SALES of new homes across Queensland have dipped 38.5% compared to the previous financial year.
Latest figures from the HIA new home sales report showed further dips of almost 5% in June, impacting heavily on high-growth areas such as Logan.
“The rise in the cash rate over the past year has seen a significant decline in the volume of new homes sales. This will result in the least number of new homes commencing construction for more than a decade in 2024,” HIA chief economist Tim Reardon said.
“The last year has seen the impact of a 4% increase in the RBA’s cash rate filter through to the new home market, compounding the impact of soaring construction costs across the industry.
“A significant number of existing projects are also being cancelled, as buyers find themselves unable to obtain finance after interest rates and construction costs continued upwards since they signed the contract.

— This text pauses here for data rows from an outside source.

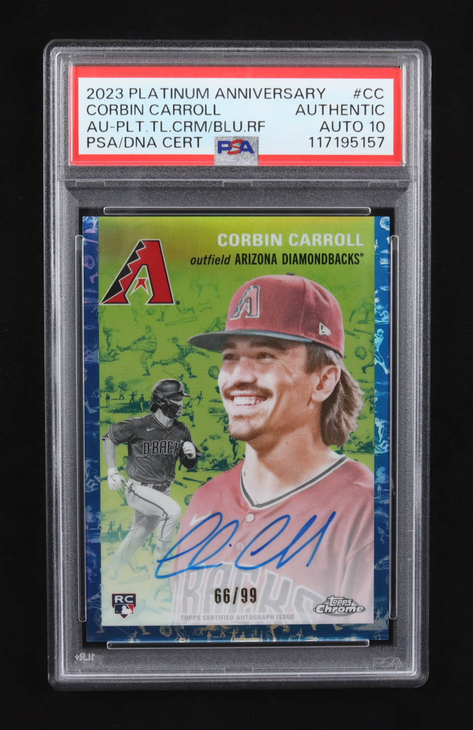 Corbin Carroll 2023 Topps Chrome Platinum Anniversary Blue Refractor Auto #CC RC #66/99 (PSA | Autograph Graded PSA 10)
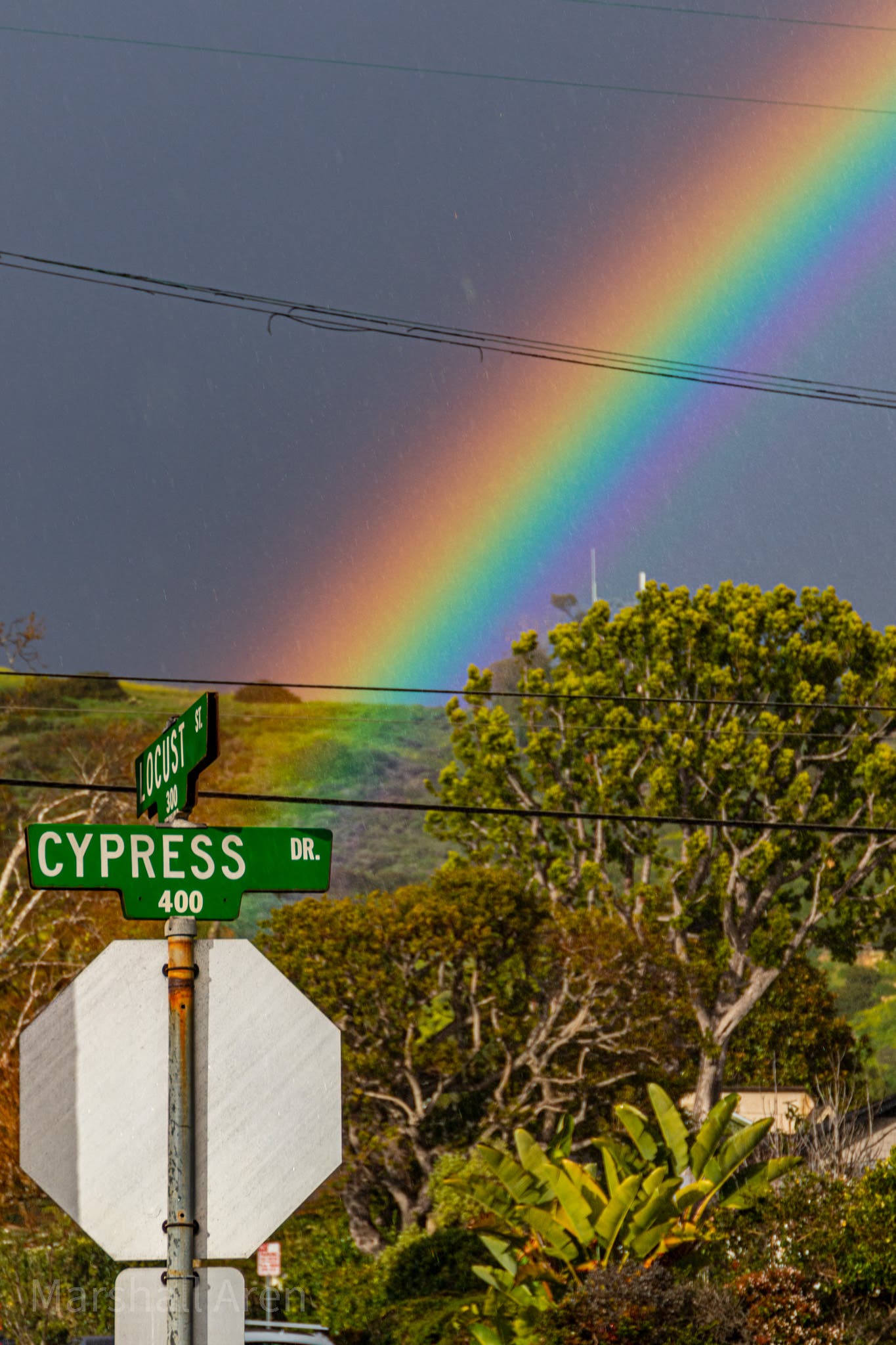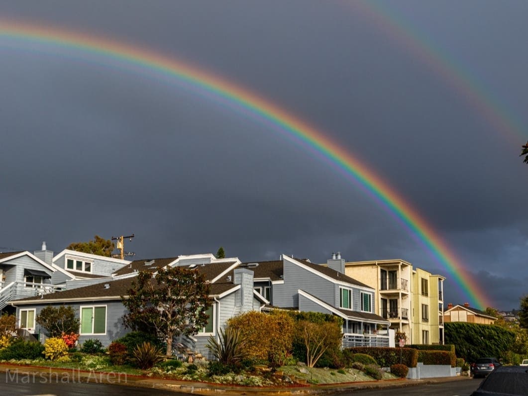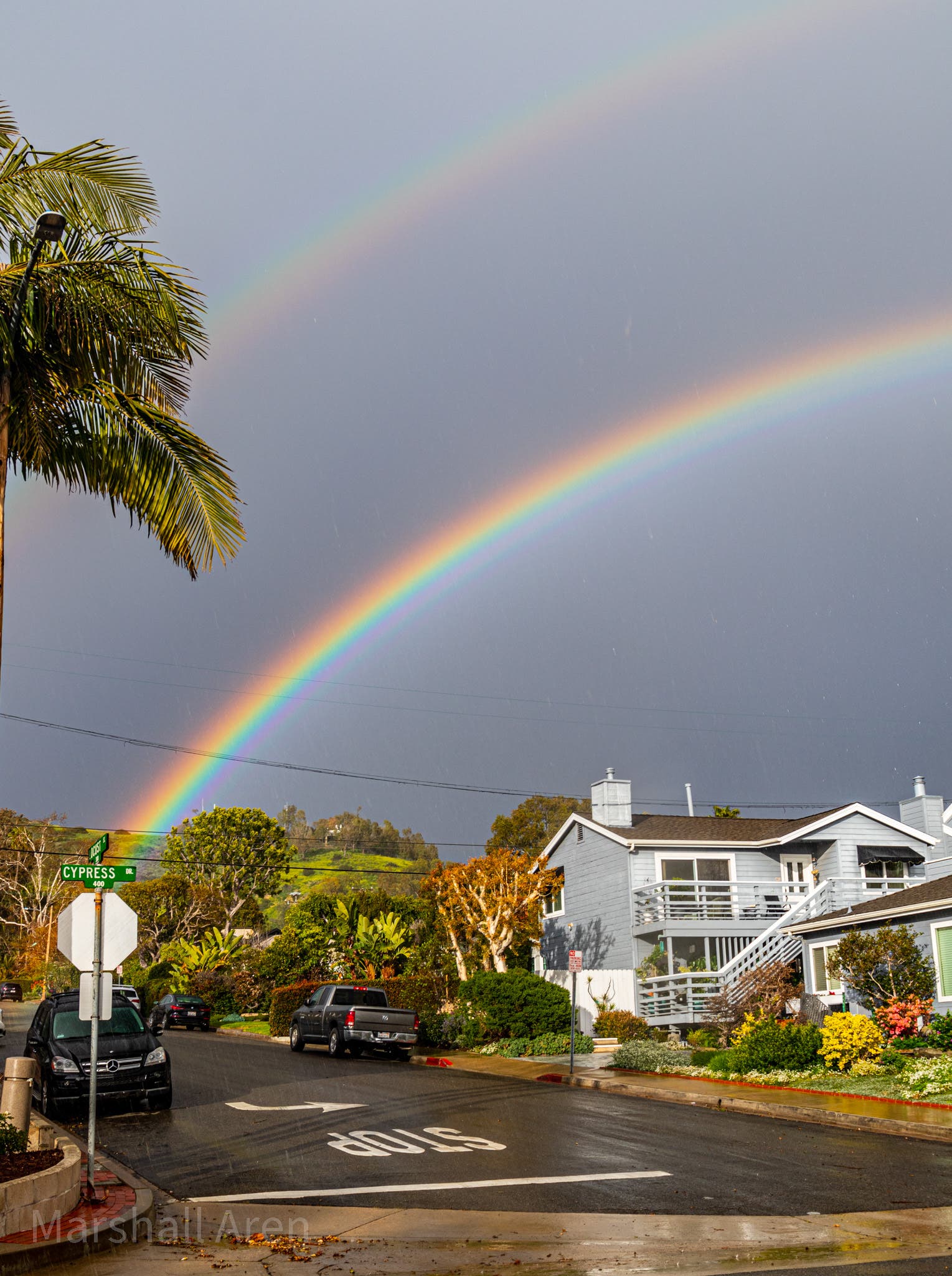 These dramatic photographs was shot by Laguna Beach resident Marshall Aren, who spotted the glorious double-rainbow from his home near Cypress Drive.
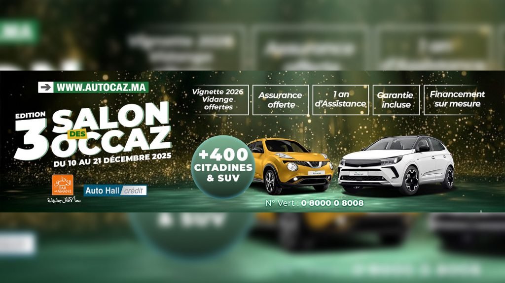 Ainsi et selon Autocaz, il est question d’un financement sur mesure (mensualités flexibles, durées ajustables….) ; d’une assurance de 6 mois offerte (pour tout achat) ; des vignette 2026 et 1ère vidange offertes ; de la reprise multimarque (avec un cotation juste) ; d’une garantie ; ainsi que d’une série de solutions complètes proposées via des partenaires de confiance comme Auto Hall Crédit (financement), Dar Al Amane (financement participatif) et Automobility Service (assurance). Tout cela sur quelques 700 véhicules, incluant plus de 400 citadines et SUV, disponibles en stock et visibles sur la plateforme Autocaz.ma.
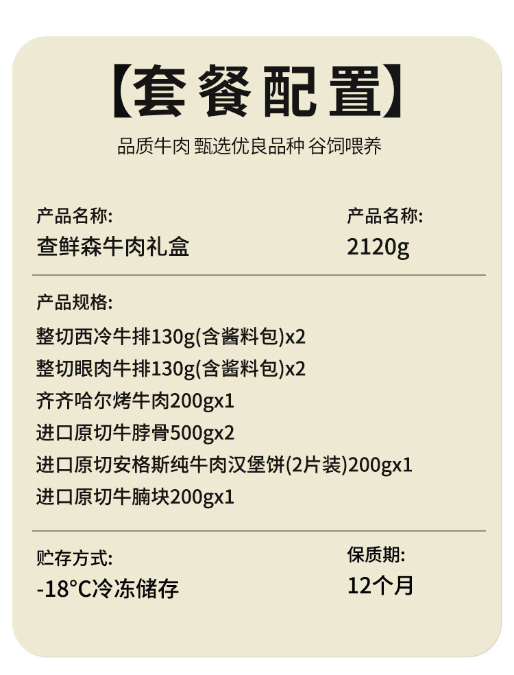 查鲜森 牛肉礼盒398型 2120g【实物/礼券】
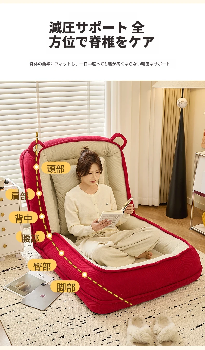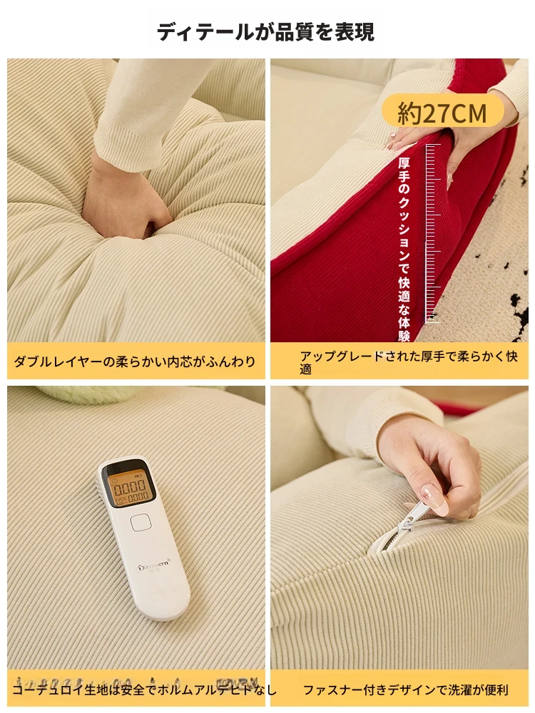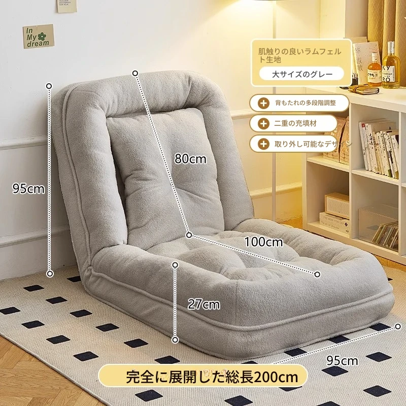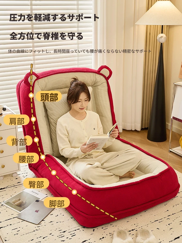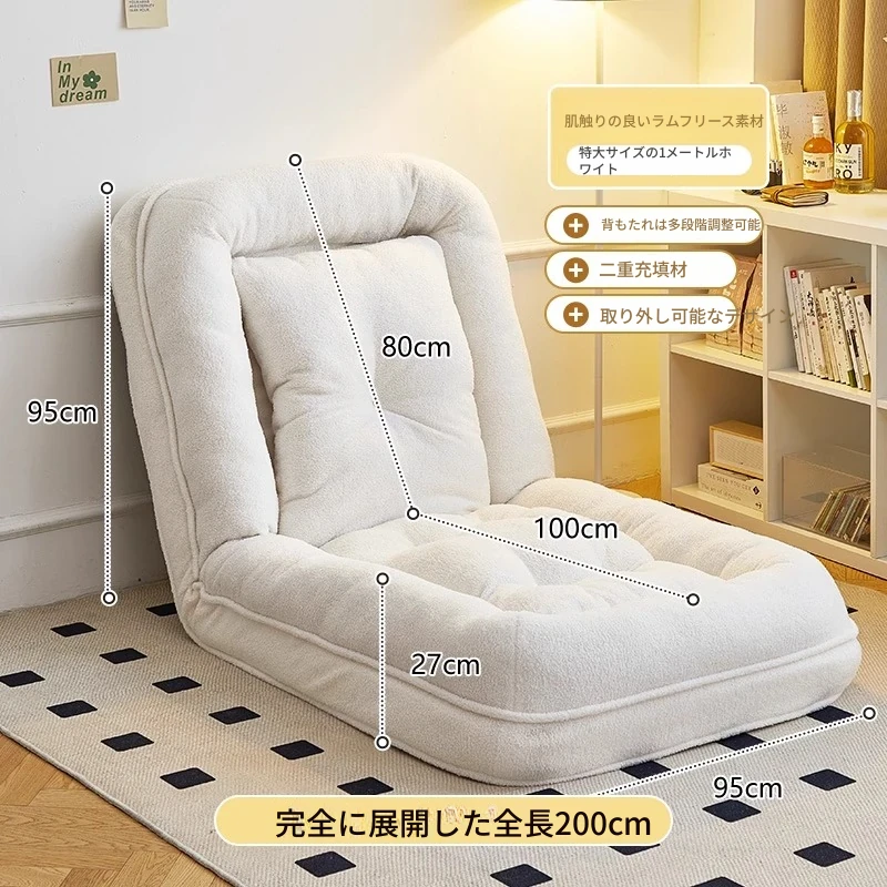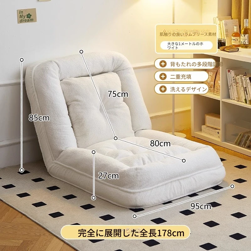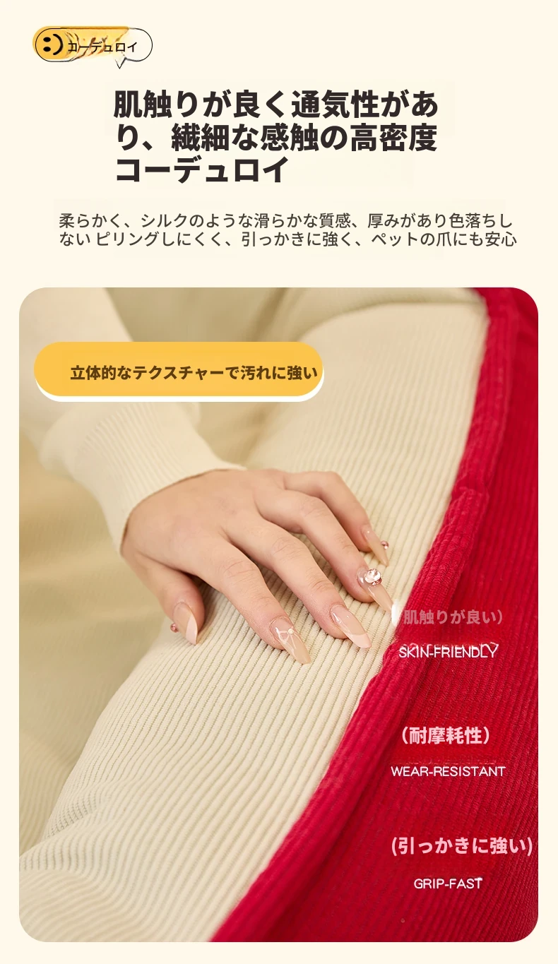 アイボリー - ベルベット生地 - 大サイズ【178CM*95CM】【背もたれ+クッション付き】

“This lack of new work entering the pipeline will result in fewer projects being commenced, and the volume of work under construction shrinking rapidly from late this year.
“This will occur at the same time that Australia has a pre-existing shortage of housing, and overseas workers and students return to Australia in record numbers.”
Mr Reardon said addressing the shortage of housing required policymakers to stop increasing the cost of new homes through taxes and regulatory imposts.
“The more homes are taxed, directly or indirectly, the fewer homes will be built,” he said.